The rule is human-readable, machine-parseable, and evaluates in microseconds. Security teams can review it, modify it, and extend it without specialized tooling.

How ATR Fits Into Panguard

ATR is the detection engine behind Panguard Guard's agent protection layer. When Guard monitors an AI agent, every tool interaction is evaluated against the full ATR rule set in real time. Matches trigger alerts, block actions, or quarantine responses depending on the rule severity and user configuration.

ATR rules also power the Skill Auditor. When you run panguard audit skill, the tool descriptions and sample interactions are evaluated against ATR rules to identify potential threats before the skill is ever installed.

Get Involved

ATR is an open standard because AI agent security is too important to be proprietary.

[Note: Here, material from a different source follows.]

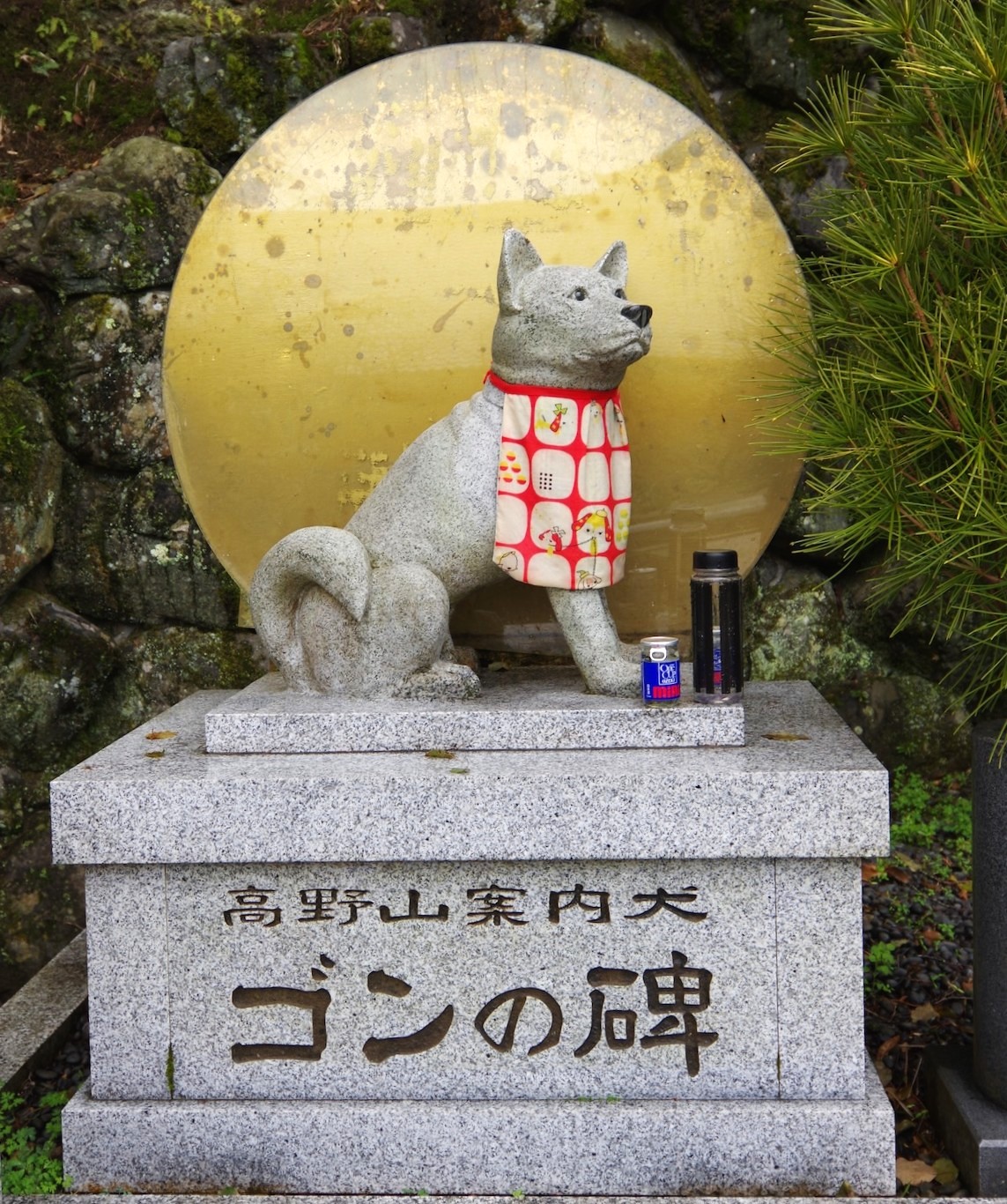 その面影を偲び2002年7月23日、境内の弘法大師像の横に「高野山案内犬ゴンの碑」が建立され、ゴンの石像が置かれました。

Here is how you can participate:

●Read the spec: The full ATR specification is available at https://github.com/panguard-ai/atr-spec
●Review the rules: The initial rule set covers 69 rules across all 9 categories
●Submit rules: If you discover a new attack pattern, write an ATR rule and submit a pull request
●Join the RFC: Comment on the specification, propose new fields, suggest improvements
●Integrate ATR: Build ATR evaluation into your own agent framework or security tool

The goal is simple: build the Sigma equivalent for AI agents. A shared language that the entire security community can use to describe, detect, and defend against threats targeting the agent layer.